I unlock my car door the old-fashioned way—with a key—since my 90s era Civic doesn’t have a fancy key fob. I grab the bag and slam the door, leaning against it for a moment to catch my breath.
How did everything get so messed up?
Shaking my head, I push off the car, hugging my backpack to my chest as I make my way to my motel room.

After three tries, the magnetic door latch finally gives and I stumble inside. I briefly look around the small, dark room. The bed looks clean enough, with its retro, multi-colored quilt. The shag carpet has definitely seen better days, but I don’t plan on frolicking around barefoot, so I don’t really care about that. The dresser is home to a small, tube-style TV and single-serve coffee pot. And there is a tiny bathroom with a walk-in shower. That’ll do. It’ll all do.

***

After taking a much-needed shower to rinse the road off of me, I flop down, face-first, onto the bed. I know I should find a restaurant nearby where I can get some take-out, but I don’t have the energy. I lift up on my elbows and place my head in my hands.

I thought I had more time. Why didn’t I leave after the first phone call? Why didn’t I get in the stupid car and start driving right away? Because he wasn’t going anywhere, that’s why. He was always there. Always. He would never leave me. Why him?

Only he did. He did leave me.

The tears begin again, and soon I’m a hiccupping, sobbing mess on the horribly colored bedspread. I’m not sure how much time has gone by, but the room is dark and there’s a faint buzzing sound coming from my cell phone on the dresser.

I stumble my way over. A text from my mom asking me to call her when I stop for the night. I can’t call her now. If I speak to her I’ll completely break. And I need to make it the rest of the way home before I do that. Before I dissolve into nothingness.

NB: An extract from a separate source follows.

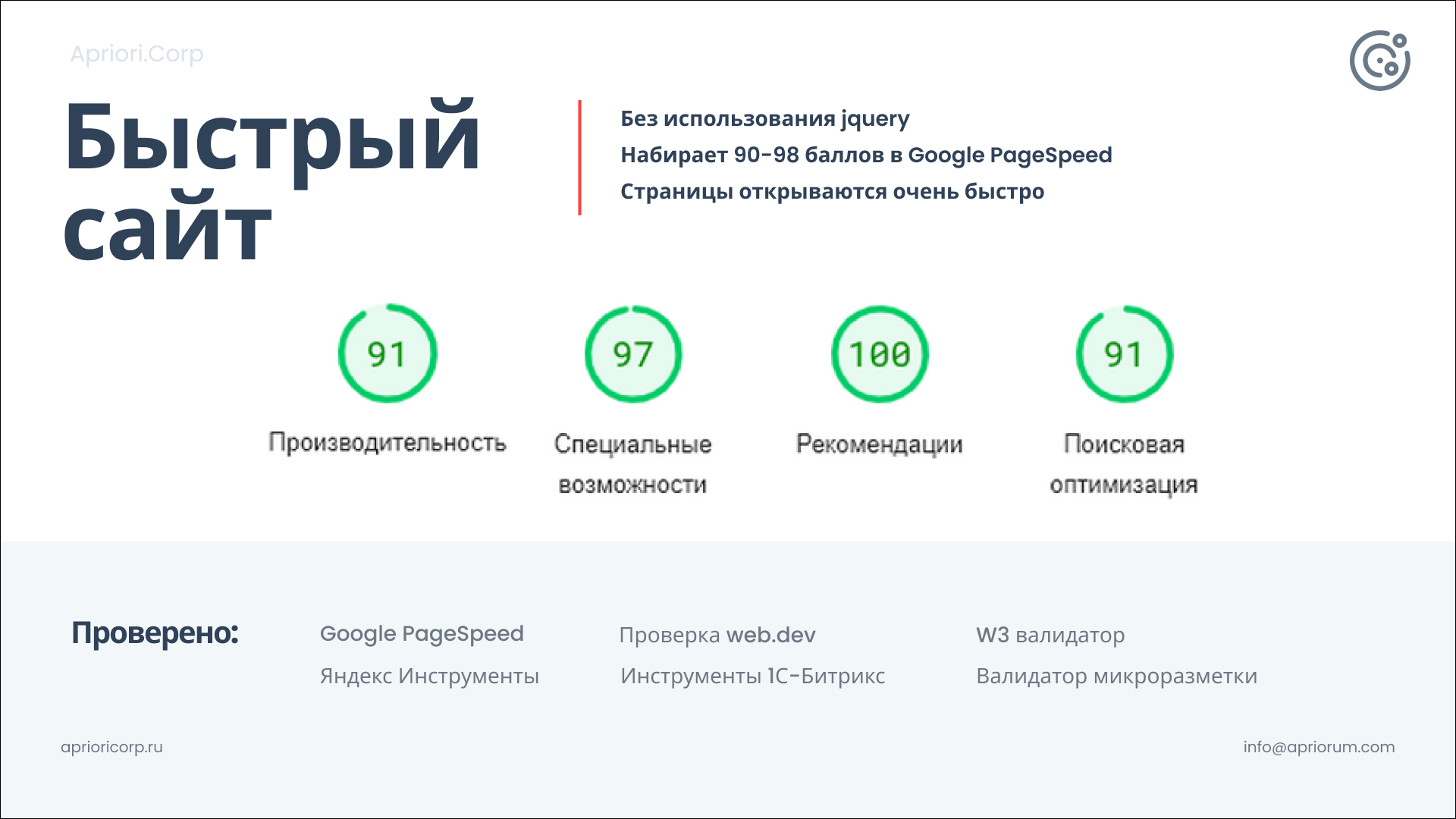 - Расширенные возможности перелинковки - различные варианты связанного у всех основных инфоблоков. Возможность информационного расширения страниц за счёт вывода связанной информации - отзывов, преимуществ, проектов, товаров и услуг, основных цифр, этапов, галерей, вопросов и ответов, и т. д. Вместо "простыней" текста - чётко структурированная информация.

I send her a quick text saying I’ve stopped for the night and am already in bed. I do a screenshot of my location on the map app and add that I’ll see her tomorrow. I strip the bedspread off the bed and lay above the crisp white sheets, curling my knees up to my chest.

When I finally close my eyes, all I see are the bright green eyes I’ve spent the past three years trying to forget.

***

After a terrible night of sleep, or lack thereof, I hit the road around four in the morning. My old school GPS indicates I have about thirteen hours to go, so I assume I’ll be home by six if I keep my stops to a minimum.

The rest of Arkansas, Mississippi, Alabama, and Georgia fly by in a blur of trees and pavement, with only a handful of pit stops for gas and bathroom breaks. My car is littered with empty water and Gatorade bottles, as well as an assortment of chip and candy bags. I make a mental note to stop and clean it out before I get home. My mother will freak out at my junk food diet, and now is clearly not the time to concern her with my health.

As I drive down I-26, nearing home, I wonder just how different everything will be. Will his truck still be in the driveway? His boots on the front porch? Or will everything already be void of his memory? Kind of like how my heart feels right this moment. Empty.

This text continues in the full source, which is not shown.